## Extracted data
################

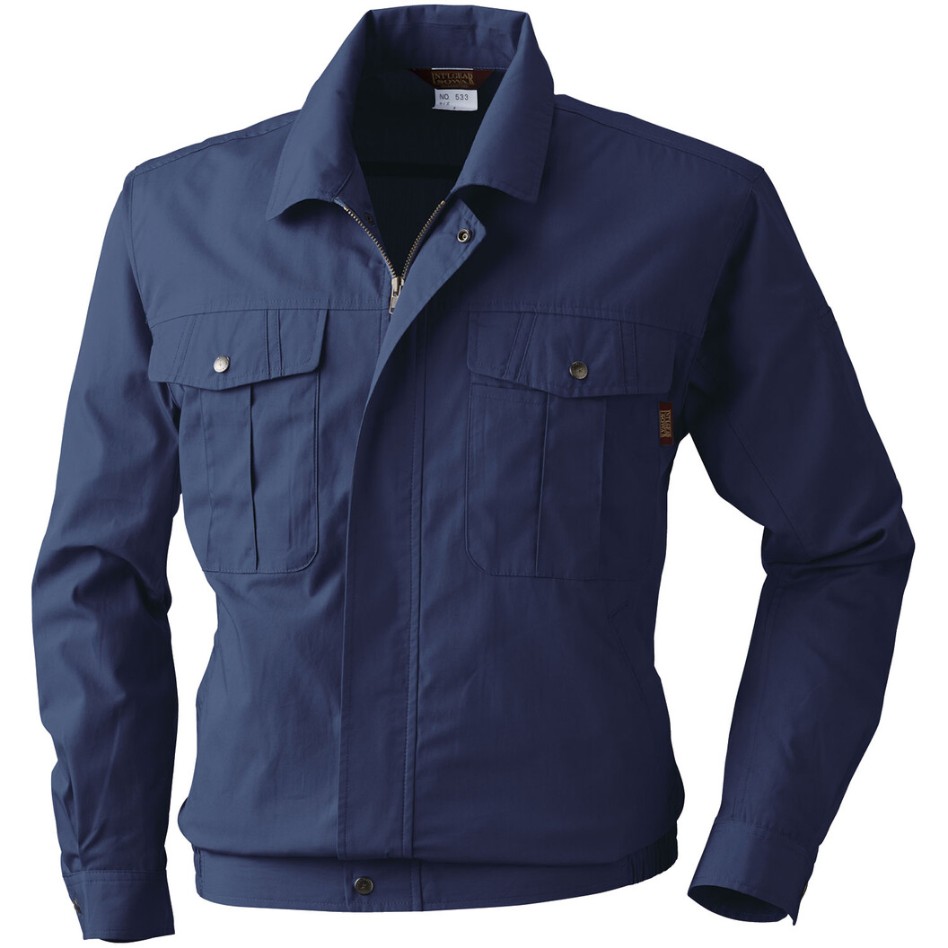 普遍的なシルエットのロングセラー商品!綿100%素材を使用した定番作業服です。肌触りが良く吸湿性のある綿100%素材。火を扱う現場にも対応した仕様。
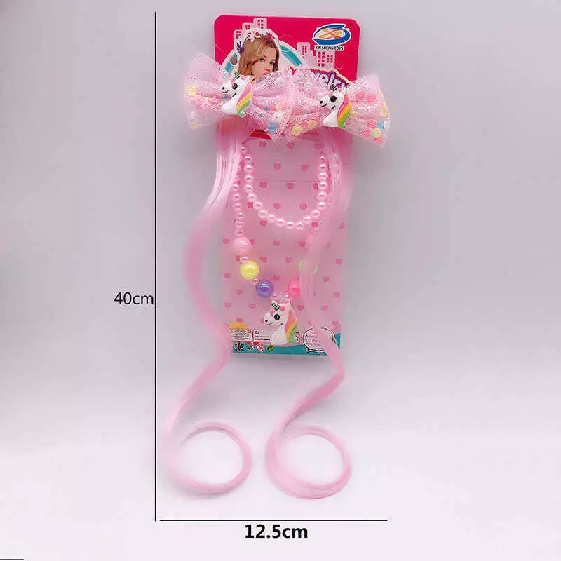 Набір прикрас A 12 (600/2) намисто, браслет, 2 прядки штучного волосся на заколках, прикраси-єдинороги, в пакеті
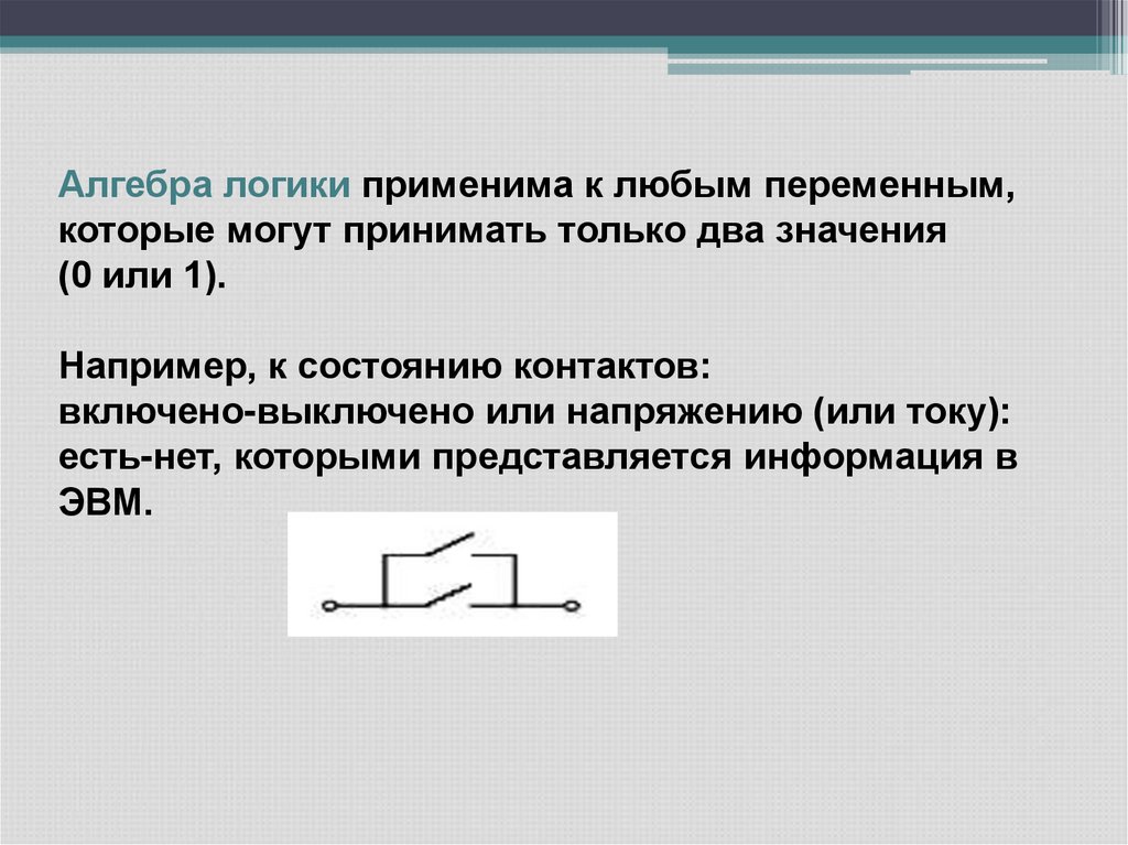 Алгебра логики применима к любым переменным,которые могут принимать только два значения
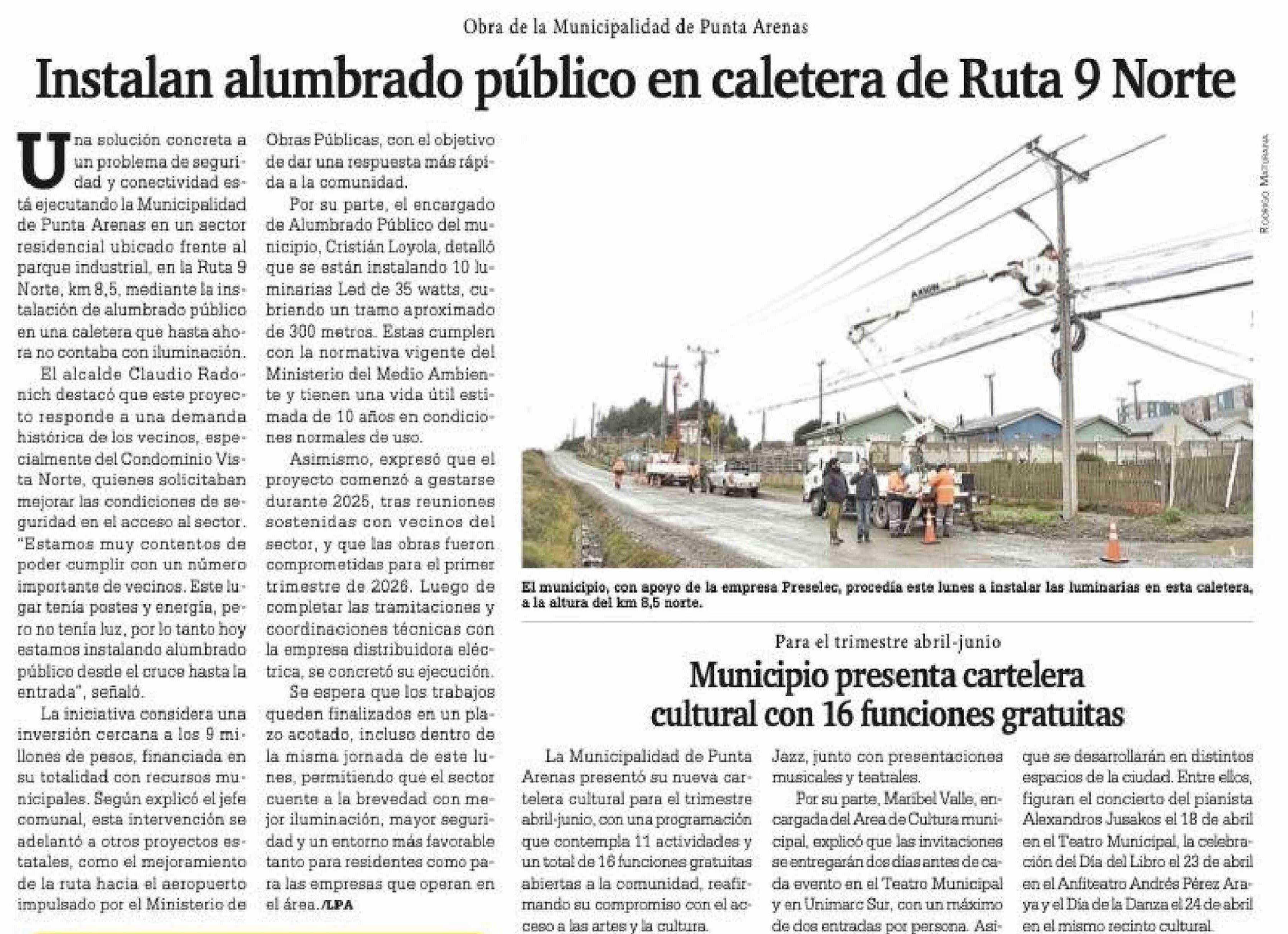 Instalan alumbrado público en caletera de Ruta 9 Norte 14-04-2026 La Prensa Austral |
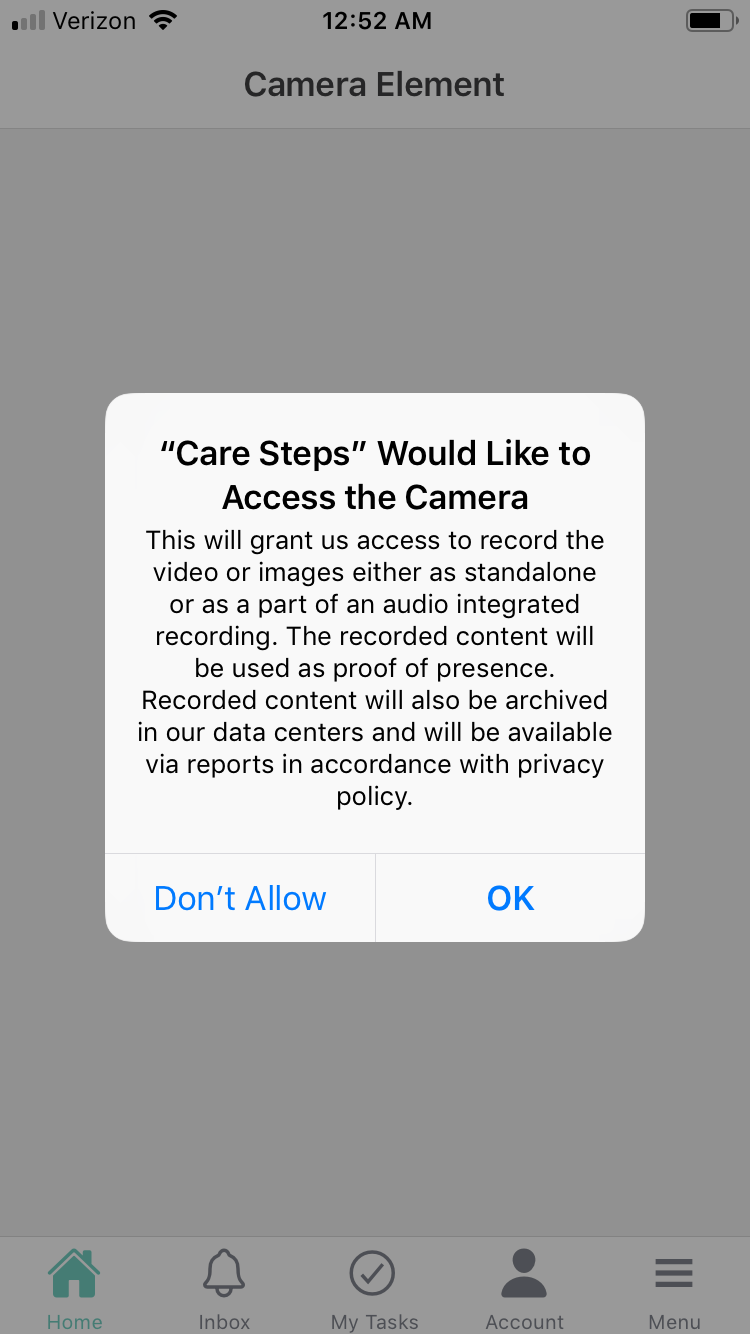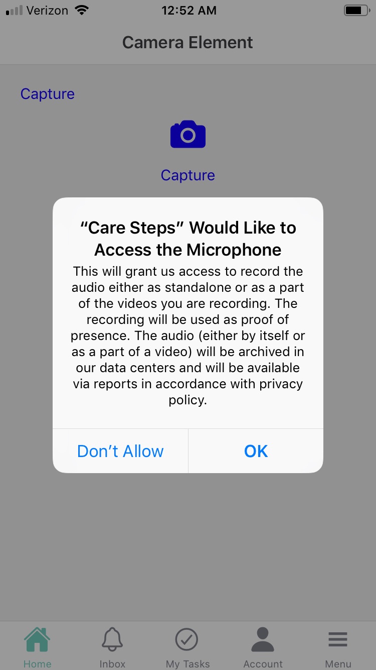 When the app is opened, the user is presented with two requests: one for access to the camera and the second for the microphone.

################

## Work instructions
Each line above is to be transcribed exactly, though its pictures are not.

## Expected answer
 普遍的なシルエットのロングセラー商品!綿100%素材を使用した定番作業服です。肌触りが良く吸湿性のある綿100%素材。火を扱う現場にも対応した仕様。
 Набір прикрас A 12 (600/2) намисто, браслет, 2 прядки штучного волосся на заколках, прикраси-єдинороги, в пакеті
 Алгебра логики применима к любым переменным,которые могут принимать только два значения
 Instalan alumbrado público en caletera de Ruta 9 Norte 14-04-2026 La Prensa Austral |
 When the app is opened, the user is presented with two requests: one for access to the camera and the second for the microphone.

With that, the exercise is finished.